Ken Kraetzer’s Talking Business series became a resource for Executives during the pandemic as they embraced his platform as a mechanism to reach more people. Today, Talking Business thrives with some of the best information available regarding our industry and the leaders who shape it. This year, thousands of people watched Ken's YouTube video series.
Peter Alter, always a thought-leader for our organization, and has once again been in high demand to provide his industry insight. This past summer, he joined forces with cbsi partner, Jason Steele, to discuss the past, present and future of card benefit products during the Annual CardCon conference in New Orleans.
Our product development team launched new insurance products - in fact, one aimed at protecting travelers from future pandemic-type events - to continue to offer new ways to build cardholder relationships.
Within cbsi Client Services, cbsi leaders like Sonia Perugini and Megan Delaney created new internal processes and support mechanisms aimed at easing cardholder claims. Our understanding of travel and retail trends grew from enhanced social media tools, all of which we used to create our weekly Travel and Retail Industry News Report.
Perhaps most ironic, and even a bit humorous, is that our company celebrated its 50th year in business this fall. It’s easy to imagine our founder, Robert Conte, wondering if indeed the end of his organization might occur from such a powerful and unforeseen force like Covid. Instead through his leadership and poise, our 50th year occurred and we endured. We treated this Anniversary year as we would any other year, without fanfare or publicity, because it’s not about us and never will be.
The changes of the past two years, painful to experience, now provide an element of gratitude we might not have otherwise experienced without the pandemic.

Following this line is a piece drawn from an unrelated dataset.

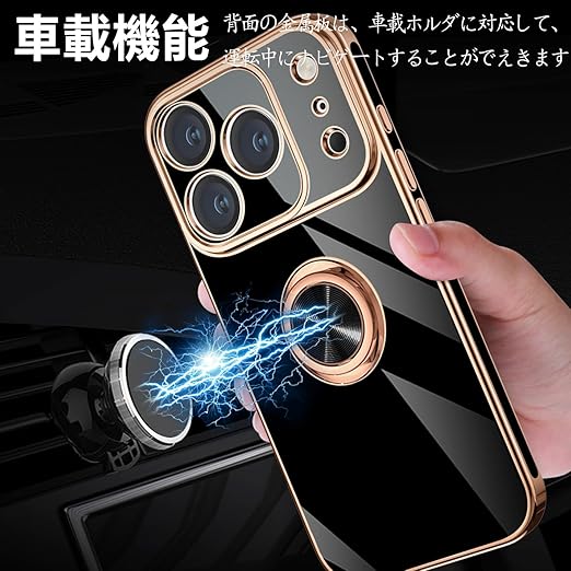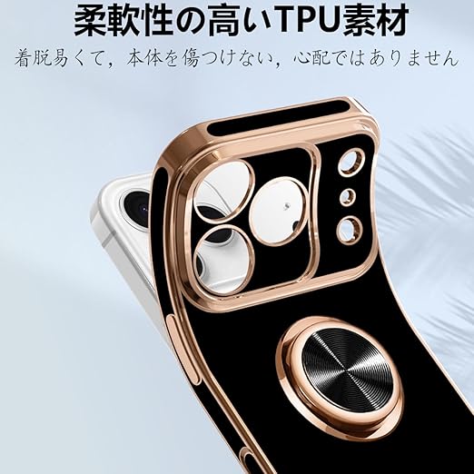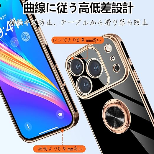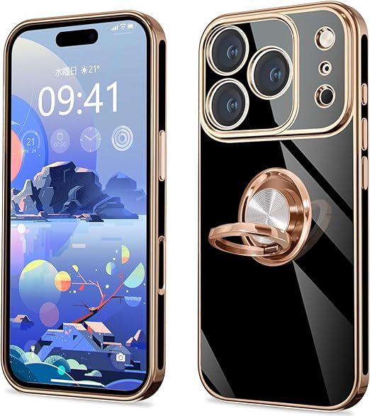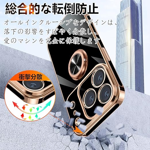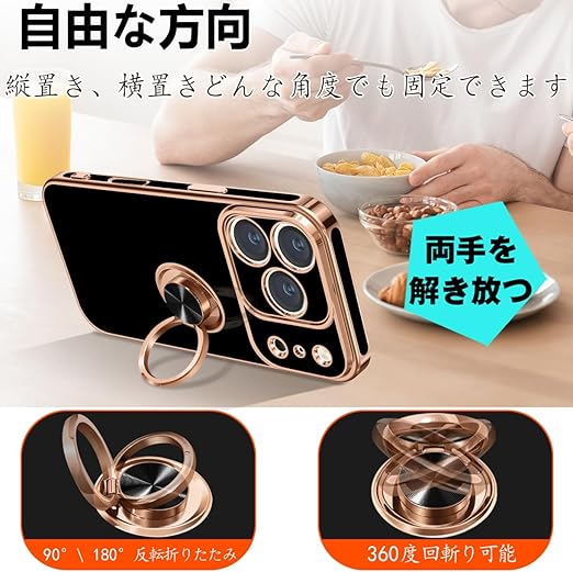 fusinong 用の iPhone 17 Pro Max ケース リング付き リング 耐衝撃 全面保護 ソフト 薄型 スタンド機能付き 360回転 車載ホルダー対応(ブラック) a

Gratitude represents the energy we now embrace as we move toward 2023.
We see travel on the rise. On December 18th of this year, more than 2.3 million travelers passed through TSA checkpoints indicating a near return to numbers seen pre-Covid. We see an increase in retail spend and a considerable increase in contactless payments - card payments - which means our bank partners will again be able to promote the benefits of our cbsi retail card products. We see a return to meeting in person, to attending conferences, and to engaging with one another at the office - and with Zoom - in a perfect mix of home and workplace lifestyles.
In leading the Marketing and Technology efforts at cbsi, I like our direction and what it means for our clients. We continue to find more ways to connect to consumers and to help grow awareness of card benefit products and services. We are forming new partnerships that build better products and better product delivery tools. We are advocating the power of card benefits through increased social media marketing reaching more people with our message than possible only a few years ago. We are creating new reporting platforms that give us better insight, all designed to make faster, better decisions.
Late last week, I stumbled across photos from our last company Holiday Party. It was December of 2019. Ugly Christmas sweaters seemed the norm and Holiday decorations matched the festive looks on everyone’s faces. Who would have known that only three short months later our lives would change so dramatically?
Fortunately, despite the immense challenges of the past two years, we are getting things done at cbsi. And for me, I expect next year will once again find me sharing a seat with a crying baby on a flight to a conference; it’s the best start to a new year that I could ever imagine.